On Mon, 26 Oct 2009 15:49:56 -0400
Trond Myklebust <Trond.Myklebust@xxxxxxxxxx> wrote:

> On Mon, 2009-10-19 at 11:21 +0200, Stephan von Krawczynski wrote:
> > On Mon, 19 Oct 2009 13:50:23 +0900
> > Trond Myklebust <Trond.Myklebust@xxxxxxxxxx> wrote:
> >
> > > On Sun, 2009-10-18 at 20:49 -0700, Andrew Morton wrote:
> > > > (cc linux-nfs)
> > > >
> > > > On Wed, 14 Oct 2009 11:53:06 +0200 Stephan von Krawczynski <skraw@xxxxxxxxxx> wrote:
> > > >
> > > > > Hello all,
> > > > >
> > > > > just received this one:
> > > > >
> > > > > Oct 13 20:16:02 box kernel: BUG: unable to handle kernel paging request at ffffff98
> > > > > Oct 13 20:16:02 box kernel: IP: [<f827b2e4>] nfs_writepages+0x13/0xad [nfs]
> > > > > Oct 13 20:16:02 box kernel: *pde = 0042d067 *pte = 00000000
> > > > > Oct 13 20:16:02 box kernel: Oops: 0002 [#1]

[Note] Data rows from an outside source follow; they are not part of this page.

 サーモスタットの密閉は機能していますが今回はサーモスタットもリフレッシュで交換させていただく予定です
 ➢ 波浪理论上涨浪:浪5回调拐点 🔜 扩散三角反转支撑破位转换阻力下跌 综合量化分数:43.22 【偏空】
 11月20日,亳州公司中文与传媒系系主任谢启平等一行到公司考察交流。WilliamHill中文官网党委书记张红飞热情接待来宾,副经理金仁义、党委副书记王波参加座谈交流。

> > > > > Oct 13 20:16:02 box kernel: last sysfs file: /sys/devices/pci0000:00/0000:00:1e.0/0000:03:08.0/subsystem_device
> > > > > Oct 13 20:16:02 box kernel: Modules linked in: speedstep_lib freq_table nfs lockd sunrpc e100 mii e1000
> > > > > Oct 13 20:16:02 box kernel:
> > > > > Oct 13 20:16:02 box kernel: Pid: 4638, comm: httpd2-prefork Not tainted (2.6.31.4 #1)

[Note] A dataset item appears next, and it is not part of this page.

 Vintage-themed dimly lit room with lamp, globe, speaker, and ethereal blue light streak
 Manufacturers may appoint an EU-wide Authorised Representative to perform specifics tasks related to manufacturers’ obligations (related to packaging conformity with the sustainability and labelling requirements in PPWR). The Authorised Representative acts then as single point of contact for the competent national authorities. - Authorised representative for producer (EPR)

> > > > > Oct 13 20:16:02 box kernel: EIP: 0060:[<f827b2e4>] EFLAGS: 00010292 CPU: 0
> > > > > Oct 13 20:16:02 box kernel: EIP is at nfs_writepages+0x13/0xad [nfs]

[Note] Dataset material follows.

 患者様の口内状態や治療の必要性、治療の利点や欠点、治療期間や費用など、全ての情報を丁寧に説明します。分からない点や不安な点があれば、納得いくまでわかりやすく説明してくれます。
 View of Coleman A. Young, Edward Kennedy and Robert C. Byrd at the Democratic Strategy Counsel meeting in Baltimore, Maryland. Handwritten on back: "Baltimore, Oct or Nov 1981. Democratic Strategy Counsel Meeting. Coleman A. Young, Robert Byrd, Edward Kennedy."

> > > > > Oct 13 20:16:02 box kernel: EAX: f0d0f654 EBX: 0000000a ECX: 00000020 EDX: f6393ecc
> > > > > Oct 13 20:16:02 box kernel: ESI: f0d0f654 EDI: 00000000 EBP: ffffff98 ESP: f6393e38
> > > > > Oct 13 20:16:02 box kernel: DS: 007b ES: 007b FS: 0000 GS: 0033 SS: 0068
> > > > > Oct 13 20:16:02 box kernel: Process httpd2-prefork (pid: 4638, ti=f6392000 task=f63f7850 task.ti=f6392000)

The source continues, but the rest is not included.